Static networks will be trained using the settings on the breadboard.
All other settings must be adjusted in the NeuroSolutions breadboard. This includes the number of hidden layers, number of processing elements in the hidden layers, memory taps, and learning rates.
Ä Note: If the Custom Solution Wizard DLL is not generated for TradingSolutions, the number of inputs and outputs and the weight update samples also must be set in the NeuroSolutions breadboard.
What Do I Do Next?
If you are creating a new field, press the Next button to continue on to the Create Prediction page. If you would like to exit the Wizard without creating a new field, press the Cancel button. If you would like to change any of the options specified previously, including switching to a general model, press the Back button to return to the Select Options page.
If you are finished updating the properties of a previously created field, press the OK button to save your changes or select another property page.

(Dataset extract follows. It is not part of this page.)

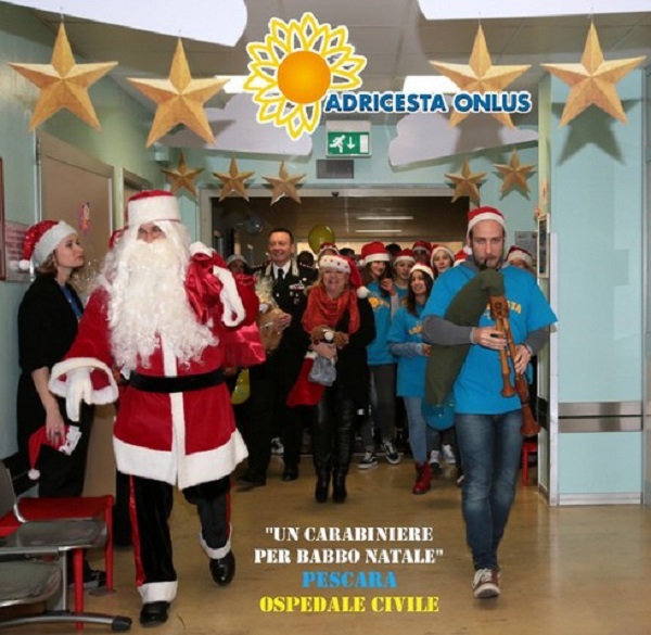 Allegria e musica nelle corsie Pediatriche dell’Ospedale Civile di Pescara, con la 15 esima edizione dell’iniziativa “Un Carabiniere per Babbo Natale” che , insieme al Comando Provinciale dei Carabinieri di Pescara, l’ADRICESTA Onlus organizza da 15 anni, con doni e sorriso ai piccoli degenti dell’Ospedale Santo Spirito di Pescara.

If you would like to exit from this dialog without performing any changes, press the Cancel button.
Additional Property Pages
The Modify Field Dialog has many different property pages that will be displayed as is appropriate for the type of field being modified. For information on the other property pages available, see the help for the Modify Field Dialog.
How Did I Get Here?
The Configure Model page appears after the Select Options page in the Predict a Value Wizard. However, it is only displayed when you select View or modify the neural network model for this prediction.
The Modify Field Dialog appears when you select to modify or analyze the selected field from the Modify Data Series Dialog or the Modify Portfolio/Group Dialog. It is also displayed when you select Modify Field… from the context menu for a field in a chart or spreadsheet.